Previous studies have reported differential expression of various proteins in diabetes, including α-1-antitrypsin, fibrinogen, vitamin D binding protein, complement C3 and apolipoprotein A1 (Apo A1) (16–19). However, it is important to study differential protein expression in PCD to understand the pathophysiology associated with the development of diabetic complications. In the present study, we analyzed differential protein expression in the plasma of CD and PCD subjects using proteomic methods and validating the results by western and dot blot analysis. Analysis of PCD subjects has not previously been performed.

Materials and methods

Chemicals

Chemicals were obtained from Sigma-Aldrich (St. Louis, MO, USA) unless otherwise stated.
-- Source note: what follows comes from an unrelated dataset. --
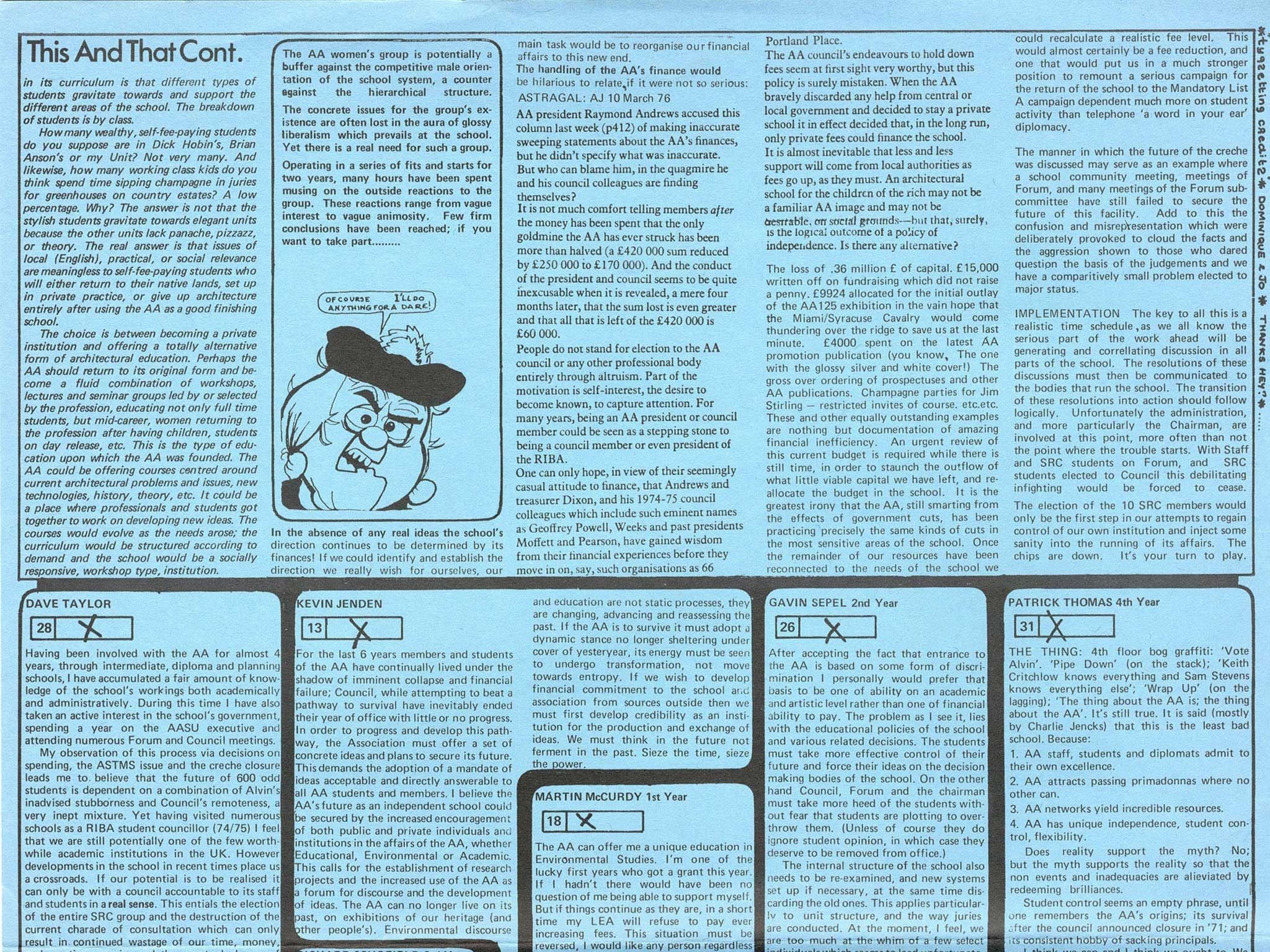 The AA is a participatory democracy, unique in that its Director is elected by the School Community and amendments to its constitution are voted upon by its global membership. As part of our Directions series this autumn, we will make this democratic process public through a series of conversations between the new AA Director Eva Franch and AA Students, Academic Staff, Members and Alumni to discuss the future of the school and navigate the way forward together.
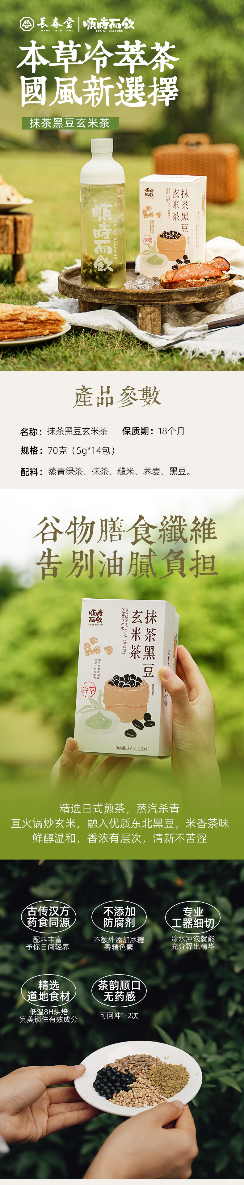 顺时而饮 | 抹茶黑豆玄米冷泡茶70克(14包)

Antibody against Apo A1 was purchased from Abcam, Cambridge, UK.

Clinical plasma sample collection

Blood samples were collected from diabetic patients at the Maharashtra Medical Research Society. Informed consent was obtained from all patients and the study was approved by the Joshi Hospital Ethics Committee. Fasting blood glucose and HbA1c levels were determined by using a glucometer (Bayer AG, Leverkusen, Germany) and in2it analyzer (Bio-Rad, Hercules, CA, USA), respectively. Plasma was obtained by EDTA treatment, followed by centrifugation at 1500 × g for 15 min. The supernatant was stored at −80°C until further use.

Plasma sample preparation

Based on HbA1c levels, plasma samples were grouped into ND (<6.4%), CD (7–8%) and PCD (8.8–12.3%). Ten representative samples from each group were pooled and were used for proteomic analysis. Albumin and IgGs were depleted by using a PROTBA kit (Sigma-Aldrich) according to the manufacturer’s instructions. Protein concentration was determined by using a Quick Start Bradford protein assay kit (Bio-Rad).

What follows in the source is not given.